:: Provided information
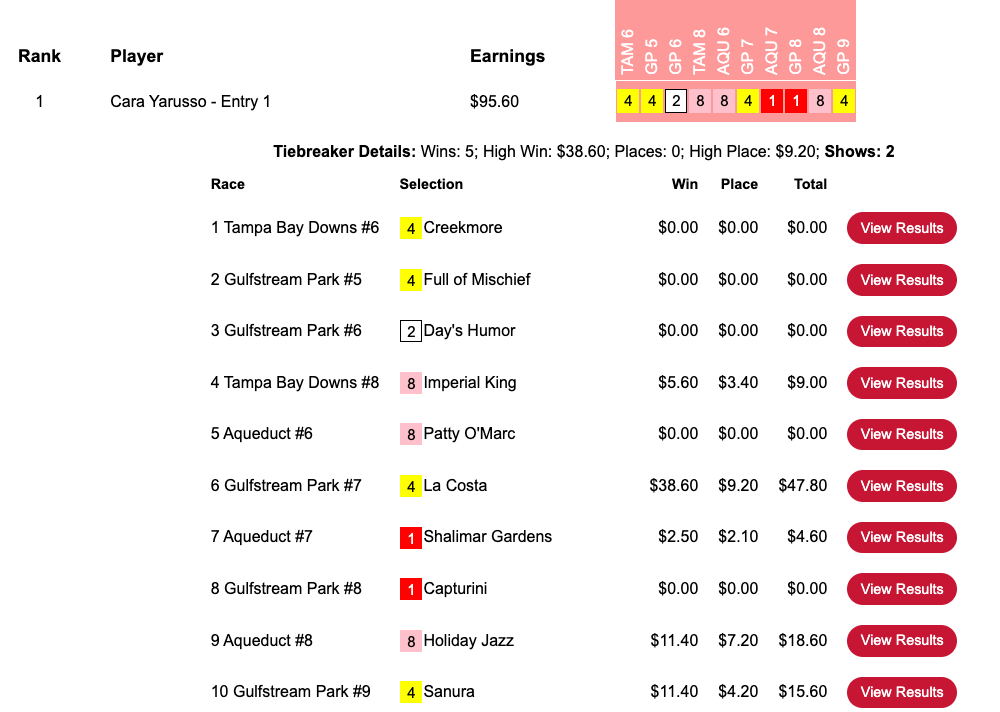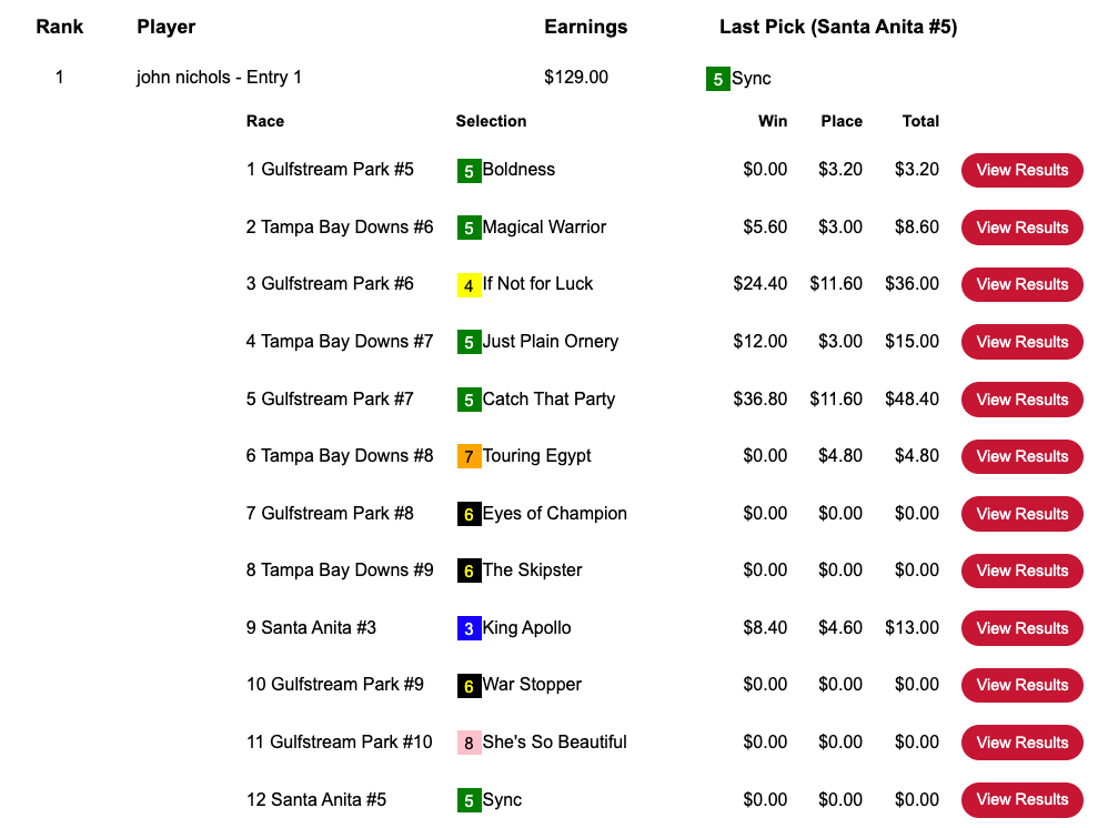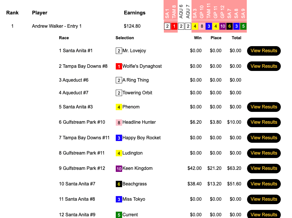 Nichols and fellow seat winner Brenton Schraff (5 wins, 1 place) both had If Not For Luck and Catch That Party, though the ride was a bit bumpier for Schraff. He failed to enter a selection for the first of the 12 contest races—due, we’re told, to confusion wrought by last weekend’s time change. And heading into the final race he found himself in 3rd place, still on the outside looking in. He was able to move into second place, however, by using the 1-5 winner (Thrive) of the final contest race…while his opponent had gone with an ultimately off-the-board 15-1 shot.
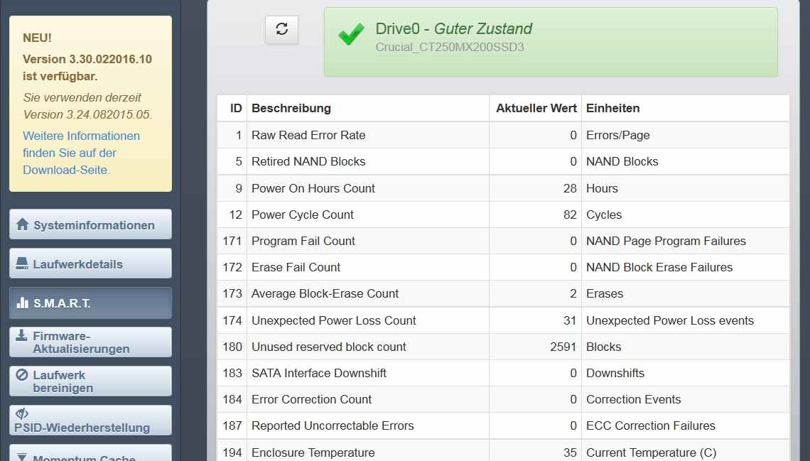 Auch diese geringe Betr.stunden-zahl ist komisch, 28 Std in einer Woche ist unwahrscheinlich, der Rechner (HP 2540P) in dem sie verbaut ist, läuft gut 8 - 10 Std am Tag x ~ 7 Tage, das sollten/könnten gerne 70 Std. sein!
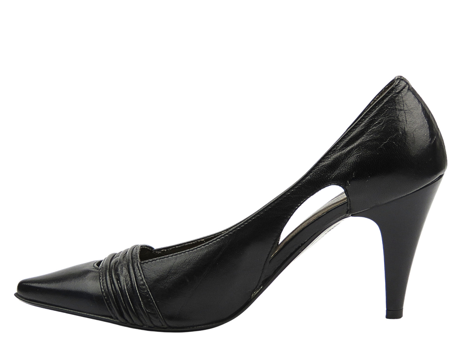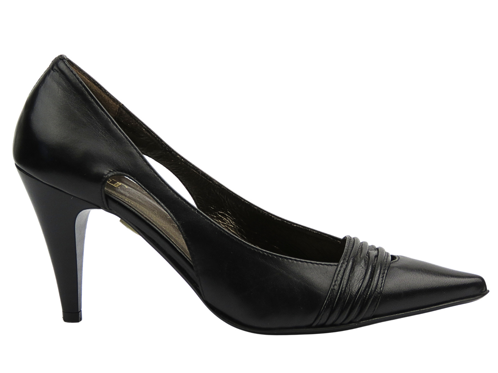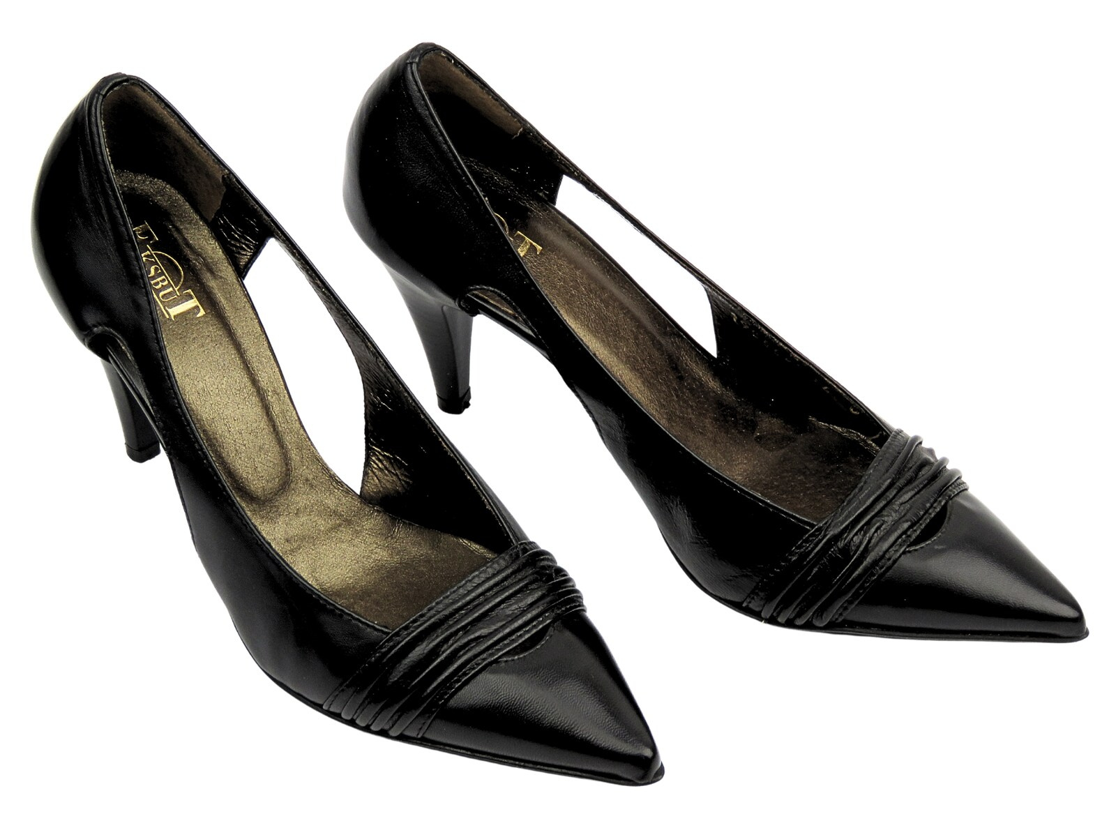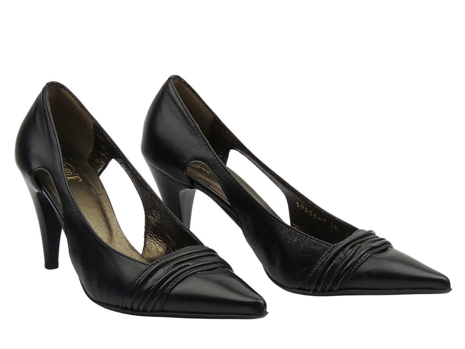 Skórzane czółenka damskie na szpilce - Eksbut 17-0648, czarne
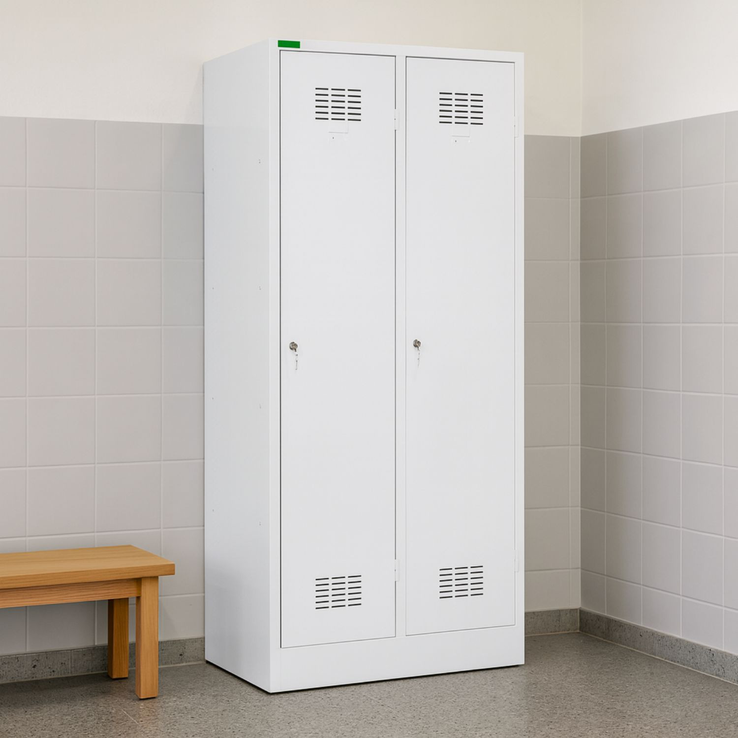 - Základní výbava: police na klobouk, dělící příčka, tyč na ramínka, háčky na věšení šatů, větrací otvory na dvířkách, bezpečnostní zámek (s dvěma klíči), nízký sokl pro více místa ve skříni.
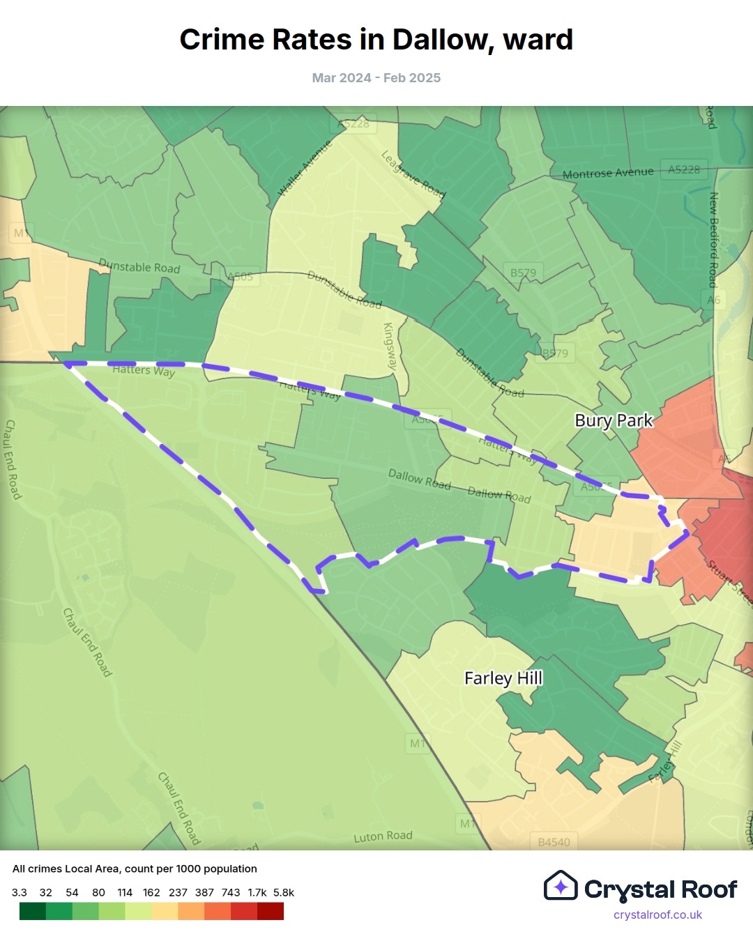 Dallow (ward) is located within Luton (borough). Annual total crime rate in Luton (borough) is 101 crimes per thousand resident population, which can be rated as 4 out of 10 or low crime level compared to other local authority districts in England and Wales.
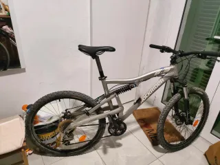 Vendo o cambio por bicicleta de suspensión delantera. Bicicleta de montaña Rockrider con doble suspensión. - Cuadro de aluminio. - Amortiguador trasero. - Frenos de disco. - Ruedas de 26 pulgadas. - Cambios de marcha Shimano (Actualmente en uso ,para ir y volver del trabajo de vez en cuando)
::::
What you should do:
A faithful, picture-free copy of the material is what this task asks for.

Output:
 Nichols and fellow seat winner Brenton Schraff (5 wins, 1 place) both had If Not For Luck and Catch That Party, though the ride was a bit bumpier for Schraff. He failed to enter a selection for the first of the 12 contest races—due, we’re told, to confusion wrought by last weekend’s time change. And heading into the final race he found himself in 3rd place, still on the outside looking in. He was able to move into second place, however, by using the 1-5 winner (Thrive) of the final contest race…while his opponent had gone with an ultimately off-the-board 15-1 shot.
 Auch diese geringe Betr.stunden-zahl ist komisch, 28 Std in einer Woche ist unwahrscheinlich, der Rechner (HP 2540P) in dem sie verbaut ist, läuft gut 8 - 10 Std am Tag x ~ 7 Tage, das sollten/könnten gerne 70 Std. sein!
 Skórzane czółenka damskie na szpilce - Eksbut 17-0648, czarne
 - Základní výbava: police na klobouk, dělící příčka, tyč na ramínka, háčky na věšení šatů, větrací otvory na dvířkách, bezpečnostní zámek (s dvěma klíči), nízký sokl pro více místa ve skříni.
 Dallow (ward) is located within Luton (borough). Annual total crime rate in Luton (borough) is 101 crimes per thousand resident population, which can be rated as 4 out of 10 or low crime level compared to other local authority districts in England and Wales.
 Vendo o cambio por bicicleta de suspensión delantera. Bicicleta de montaña Rockrider con doble suspensión. - Cuadro de aluminio. - Amortiguador trasero. - Frenos de disco. - Ruedas de 26 pulgadas. - Cambios de marcha Shimano (Actualmente en uso ,para ir y volver del trabajo de vez en cuando)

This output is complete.